The fact that Hengrui was surpassed by BeiGene shows the changes that an innovative product can bring to a company and even an industry.
Hengrui's breakthrough
Hengrui Medicine has long been aware of the changes in the industry in recent years.
In order to cope with market pressure, Sun Piaoyang, who had retired behind the scenes, came out again.
After Sun Piaoyang returned to the front line, he immediately adjusted his R&D strategy. This included several overseas investments made by Hengrui Medicine over the past two years, including a stake in Yingli Pharmaceuticals, the acquisition of Wanchun Pharmaceutical's Plinabulin, an investment in Tianguangshi, and a partnership with Qiyu Bio.
Hengrui Medicine's R&D strategy has shifted from relying mainly on "self-research" in the past to "self-research + acquisition".
From now on, the effect of the strategy adjustment is obvious.
It is reported that Hengrui Medicine will launch more than 20 innovative drugs in 2024, and the sales of innovative drugs are expected to reach 50%; the next two years will be an intensive period for Hengrui to launch innovative drugs, and 13 products are expected to be approved, including anti-tumor drugs, postoperative analgesics, ophthalmic drugs, innovative drugs in the fields of autoimmunity and metabolism, etc.
Furthermore, Hengrui Medicine's performance and stock price have also begun to recover. In terms of performance, Hengrui Medicine's cumulative revenue and net profit in the first three quarters of last year were 20.19 billion yuan and 4.62 billion yuan, with revenue and net profit growth rates of 18.67% and 32.98%, respectively.

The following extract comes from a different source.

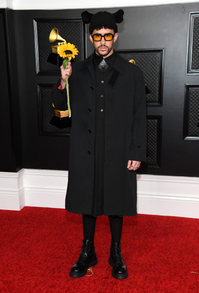 На церемонії вручення премії «Греммі» 2026 року володар премії «Альбом року» виглядав як переможець у своєму чорному смокінгу від кутюр від Schiaparelli, зробленому на замовлення. Хоча образ був класичним, він був аж ніяк не нудним — зі шнурівкою на спині та номерами у вигляді сантиметрової стрічки на одному плечі. Він поєднав його з чорною краваткою-метеликом і поклав білу квітку в нагрудну кишеню.

Regarding its stock price, Hengrui Medicine's stock price has continued to rise over the past three quarters, with a cumulative increase of 26.19%, and its market capitalization has returned to above 300 billion yuan.
In addition to shifting its R&D strategy, Hengrui Medicine recently made another noteworthy move. On February 6th, Hengrui Medicine released a document personally signed by Chairman Sun Piaoyang, which strongly mandated that the entire company, from headquarters to subsidiaries, and from R&D to sales, submit detailed AI application plans by February 25th, with implementation directly tied to cadre performance evaluations.
As for the reasons behind Hengrui Medicine's comprehensive AI rollout, media analysis suggests it's driven by a need to accelerate development. According to a TechEmergence report, AI can increase the success rate of new drug development by 16.7%. AI-assisted drug development can save pharmaceutical companies $54 billion in R&D costs annually and reduce time costs by 40% to 60% in key R&D stages.
Overall, while Hengrui Medicine's brief rise to the top of the industry sends some signals, it's not all bad news for the company. Increasing R&D efforts in innovative drugs and striving for breakthroughs through innovation remain Hengrui's most important strategy going forward.